The battleground is likely to shift because of population changes, too.
Some projections suggest Rhode Island may lose a seat, dropping it into the category of single-district states. Montana may gain a second seat, which would allow legislators to draw district lines for the first time since 1982.
Many of the states where redistricting is completely controlled by one party are already so dominated by that side that big gains are not possible.
Republicans control the process in West Virginia, Arkansas and Nebraska, where the GOP already holds every seat in Congress. Democrats have control in Rhode Island, Connecticut and New Mexico, where they already hold every House seat.
States like South Carolina, Kentucky and Tennessee, where Republicans hold total control, and Nevada and Oregon, where Democrats run the show, have districts drawn in such a way that the minority party controls only a minimal number of seats that could not be made more competitive.
The Republican edge is far lower than it was in the last round of redistricting. In 2012, the GOP controlled the redrawing process in 22 states that accounted for 224 seats, while Democrats drew maps in nine states that sent 56 members to Congress.

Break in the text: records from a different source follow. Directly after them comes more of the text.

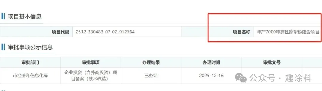 继淮北新灿新材料有限公司年产塑粉2000吨项目之后。近日,浙江新灿新材料有限公司,年产7000吨高性能塑粉建设项目,在市经济和信息化局,进行企业投资项目备案。
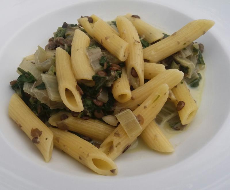 Heute gab es Penne mit Mangold und Linsen in Käsesoße.
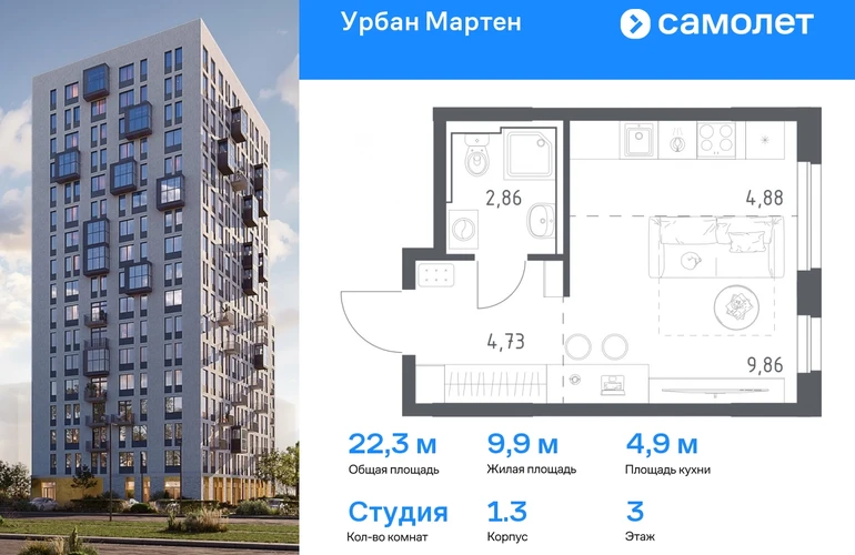 Предлагается квартира студия комфорт-класса 22,33 кв.м в корпусе 1.3 на 3 этаже, в ЖК "Урбан Мартен" Квартира без отделки. Доступность опции "отделка" и возможность комплектации мебелью и декором уточняйте у застройщика. Планировкой предусмотрены: Прихожая - 4,73 м² Кухня-ниша - 4,88 м² Студия - 9,86 м² Су_1 - 2,86 м² Приобрести квартиру возможно по специальным акциям от застройщика, с текущими условиями акций можно ознакомиться в блоке “Акций”. Цена динамическая и может отличаться, уточняйте актуальность у застройщика. В жилом комплексе «Урбан Мартен» у вас будет собственная Уфа: домашняя, неторопливая, теплая. Здесь дети будут играть во дворе без машин в догонялки, собака сможет бегать за палкой по пляжу, а с соседями получится встречаться не только у лифта, но и на утренних занятиях йогой на зеленой лужайке рядом с домом. Жилой комплекс «Урбан Мартен» находится в Демском районе — самом тихом и зеленом в Уфе. Здесь можно открывать окна нараспашку, чтобы квартира наполнялась свежим воздухом, и наблюдать с балкона, как покачиваются макушки деревьев. #yan19-2r1747845#О застройщике
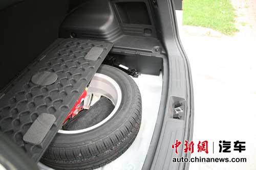 圖注:全尺寸備胎很厚道,只是備胎格里沒有任何隔音鋪裝,只有光禿禿的鐵皮,比較遺憾。
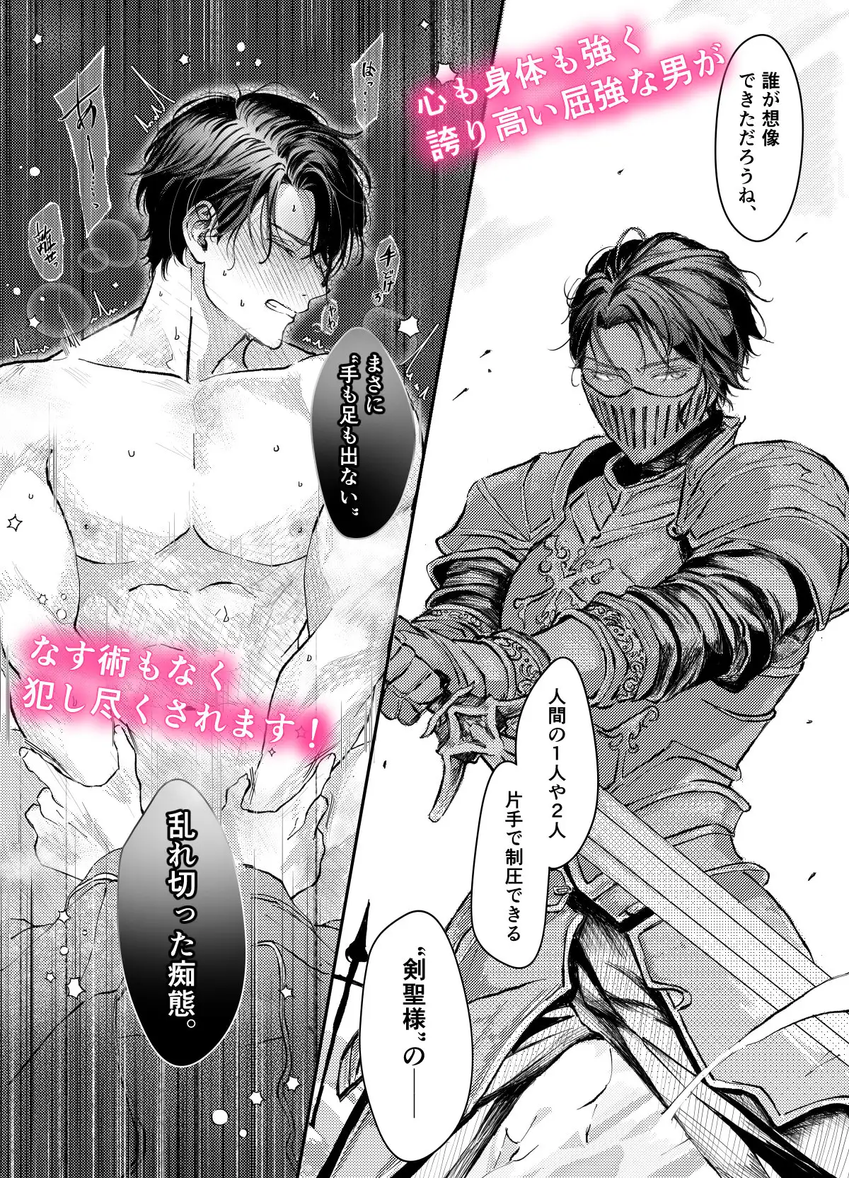 「プライドの高い社会的強者男性が、徹底的に責められながらも、堕ちる寸前で抗い続ける騎士」を描いています。Pixiv公開分をベースに、加筆修正+性癖に忠実な描き下ろしエロシーン16pを収録。

The Republican advantage has been diminished in part because Democrats won key governorships this year in Kansas, Wisconsin and Pennsylvania, and last year in Virginia. In those states, the Democratic governors could veto a Republican-drawn map, forcing a compromise or, in some cases, challenge a map drawn by courts.
“When you look at the redistricting process, you have to look at it in terms of all the people who are at the table. To elect a governor is a very important part of that,” Ward said.
Ten states now hand power to draw district lines to an independent or bipartisan commission, four more than during the last round of redistricting. Voters in Ohio, Michigan, Colorado and Utah approved those commissions this year. Commissions will draw boundaries in 10 states that send a combined 129 members to Congress.
Proponents of redistricting reform in other states are considering advancing their own ballot measures, in places like Arkansas and Oregon, ahead of the next round of redistricting.
Strategists on both sides say the renewed focus on the redistricting process has meant an unprecedented injection of money into once-sleepy legislative contests.
Groups like the Republican State Leadership Committee and the Democratic Legislative Campaign Committee shattered spending records this year, and more money is likely to pour into those down-ballot contests ahead of legislative contests in 2019 and 2020.
“The Democrats have caught up and have expanded the conversation surrounding redistricting. You have multiple groups focused on it spending tens of millions of dollars,” Walter said. “They’re going to in all likelihood escalate their efforts, escalate their rhetoric, escalate the spending.”